Hannah is wary of Georg and his family situation and is surprised when he requests that she travel to a children’s hospital where his son Willi is to  be treated for his cerebral palsy. Georg has arranged for Hannah to have a position as a paediatric nurse where she can also keep an eye on Willi. His time there is to be indefinite. Willi as a character was so beautifully crafted. Yes, he was not perfect but beneath his vulnerability and his disability was a charming young boy who loved his father dearly. Hannah believes him to be very clever as he can read a book but she soon learns this is not the case. Hannah is not involved in the decision making that affects her life and you would love to see her break free from the shackles that bind her but this seemed next to impossible. I felt she had no other option only to go where she was sent and try and make the best of the situation, she found herself in. 

Am Spielgrund is the children’s clinic in Vienna that Hannah soon realises is not all that Georg had made it out to be. Did Georg willingly send Willi there knowing what went on or did he have faith in Dr. Jekelius, the medical director, that he could transform Willi and make him into the young German his father so desperately wanted? I felt the book took on a real dark and sinister tone when Hannah arrived at the asylum and was separated from Willi and sent to work in a different section. A certain façade was presented to the outside world about all the good done at the hospital. How they took in children into the reform school and treated those with disabilities and helped better their lives but this was far from the case. Here Kate Hewitt spared no detail in her descriptions of the wards and the children who were existing in desperately sad circumstances all because of a disability they had no control over. It was a sad and harrowing read and you really feel Hannah’s anguish as the wool was very very slowly pulled from her eyes. She was brought to Vienna thinking she would assist Willi but what transpired couldn’t have been further from the truth.

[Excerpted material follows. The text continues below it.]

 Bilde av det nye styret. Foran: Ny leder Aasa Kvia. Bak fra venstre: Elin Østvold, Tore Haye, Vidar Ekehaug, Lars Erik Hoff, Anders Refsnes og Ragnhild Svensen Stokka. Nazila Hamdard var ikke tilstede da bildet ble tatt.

The children in Hannah’s care through no fault of her own are starved, neglected, abused and treated with such indifference by staff who were nothing more than cruel sadists and as for Dr. Jekelius, doctor is not the word that would spring to mind to describe him. He was the complete opposite to a healer and carer. Hannah does her best to visit Willi and a beautiful connection is established between the pair even though Willi is a vastly different boy from the one who first entered the hospital and for all the wrong reasons. Hannah had always yearned for a deep connection that lets you open to hurt and heartbreak and she had never expected Willi to be the one to crack open that part of her heart. 

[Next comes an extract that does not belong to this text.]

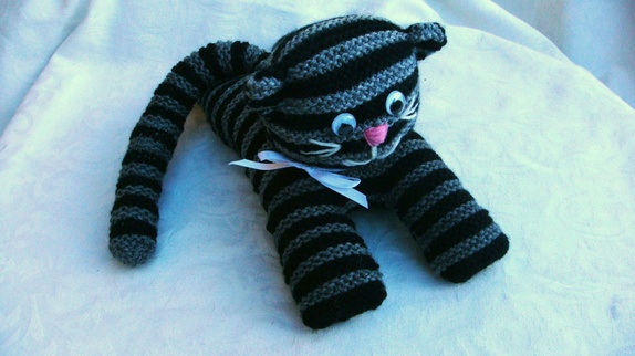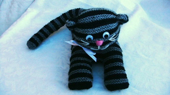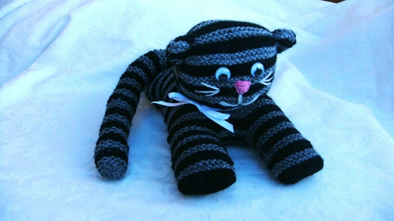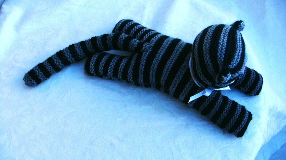 Katten er strikket i Viking garn( 60 % ull/20 % akryl og 20% nylon.). Det er brukt 3 veldig like grå farger på stripene ,men de er noe ulike og en sort farge.

The book as I have mentioned moves along at a very slow pace but on reflection I suppose it only serves to heighten the tension and unease that oozes from every page. There is an air of innocence from Hannah when she first arrives and it takes her quite some time to really sit up and take notice of what is really going on even though Margarethe, a former nun and now nurse tries in her own subtle way to be alert and aware and you will learn lots. It’s a traumatic incident that has Hannah daring to be more vocal and trying to do her best to save some children from an inevitable fate but in doing so she is putting her own life on the line. It’s another example of ordinary people doing extraordinary things in the most desperate of circumstances. I applaud Kate Hewitt for writing about a such a terrible and tragic subject that I am sure not many readers of historical fiction know about. What impressed me even more is that the book could have panned out in a certain way but instead I thought the author took two daring risks that paid off and elevated the book to a higher level. The safe route would have been very easy to take but instead being that little bit more daring paid off. The Angel of Vienna, is an interesting, thought provoking and haunting read and I would certainly recommend it.